When he took office in 1986, President Yoweri Museveni said Africa’s problem was leaders who cling to power. Prophetic, ironic words as it turns out. The man who helped save Uganda from the horrors and embarrassments of Apollo Milton Obote and Idi Amin – and then set his country on the path to normality – is now, sadly, coming to resemble the evil he replaced.
Clinging to power by hook or by crook, Museveni is increasingly resorting to brute force. Once hailed in the West, he is beginning to destabilise the country and tarnish its regional and international reputation.
Museveni, 76, has twice amended the constitution to stay in power. In 2005 he scrapped the two-term presidential limit and in 2018 he removed the 75-year age limit for presidential candidates. That has enabled him to run for a sixth term in the 14 January 2021 elections which would probably extend his hold on power until 2026.
The campaign for the presidential and parliamentary elections has become increasingly violent. Museveni and his National Resistance Movement (NRM) are harshly confronting what is shaping up to become the greatest threat to their power yet. That is, a social media-driven, rolling youth protest led by member of Parliament and singer Robert Kyagulanyi Ssentamu (Bobi Wine), 38, and his People Power Movement, with its party political wing, the National Unity Platform.
For the past two years, Wine has been the target of relentless government harassment and persecution. He has been arrested several times and has alleged assault and torture, which in 2018 reportedly nearly killed him.
Over 50 people have been killed during the election campaign, mostly hit by live bullets fired by security forces who no longer bother to pretend that they are not shooting to kill. Security Minister General Elly Tumwine has been widely reported as warning that ‘the police have the right to shoot and kill citizens if they go beyond a certain level of decency.’ Indecency, apparently, has become a capital offence.
Analysts believe Museveni has now resorted to naked violence because he has run out of more subtle options to stop Wine, who is attracting large crowds to his rallies.
The European Union refused to send observers to the polls, fearing this would legitimise them. It complained that Museveni’s government had failed to implement any of the 30 recommendations it offered to correct the flaws it identified in the 2016 elections. These included legal reforms, equitable media access, public participation in selecting Electoral Commission commissioners, and making the commission independent from executive control.

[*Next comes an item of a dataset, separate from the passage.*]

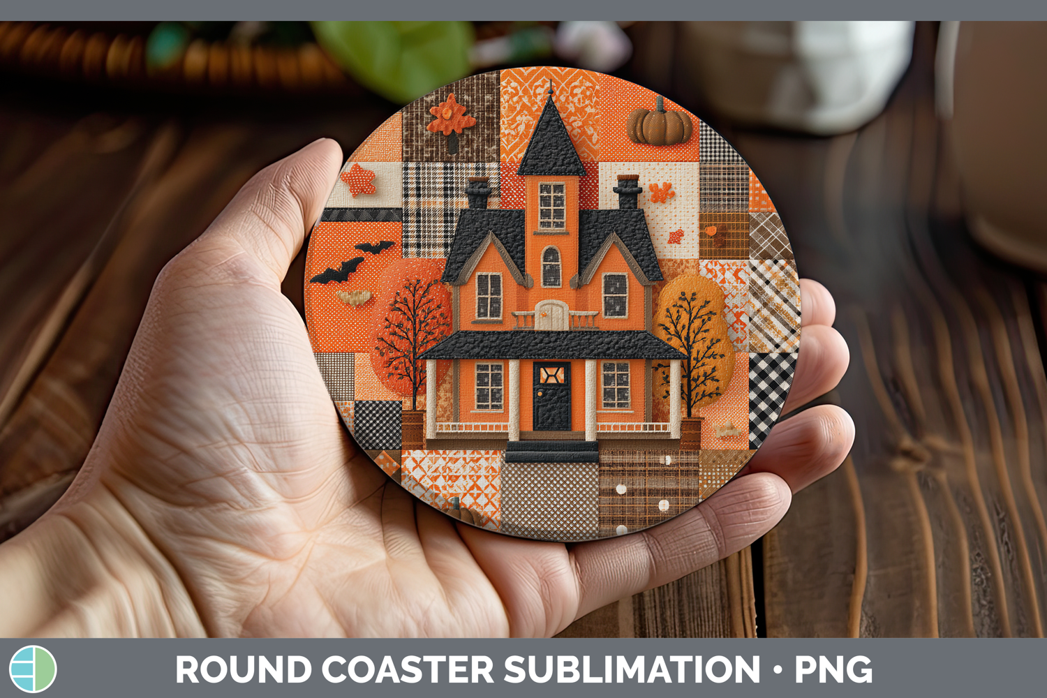 Haunted House Halloween Patchwork Round Coaster Sublimation

So the political playing field for 14 January is tilted against Wine and other opposition candidates. Perhaps he could lose even a fair fight as he and Kizza Besigye, veteran of four failed attempts to unseat Museveni via the ballot, have been unable to form a unified opposition coalition. Besigye seems too jealous of his hard-won reputation as the chief opposition challenger to throw his weight behind Wine, even though the latter has a better chance this time.
But Museveni is clearly taking no chances. He’s well aware that the younger generation are not as deferential as their parents are to the NRM’s claims to legitimacy owing to its armed struggle, says the Africa Center for Strategic Studies. The Pentagon think tank says this is clear by the lengths Museveni has gone to, to suppress Wine and his party.
For several Southern African countries, Uganda today presents an all-too familiar picture. Many in that region are also burdened by the deadweight of entitled former liberation movements that justify their hold on power by little more than their tattered liberation credentials.
Zimbabweans would surely hear an ominous echo in Armoured Warfare School Commandant Brigadier General Deus Mande’s warning last year that the Ugandan People’s Defence Force would never allow Wine to be its Commander in Chief. Other senior officers and officials have said much the same.
Another echo of Zimbabwe – and some other African countries – is that the judiciary is also almost completely partisan. No judge has dared overturn any of Museveni’s dubious measures to subvert the constitution to cling to power.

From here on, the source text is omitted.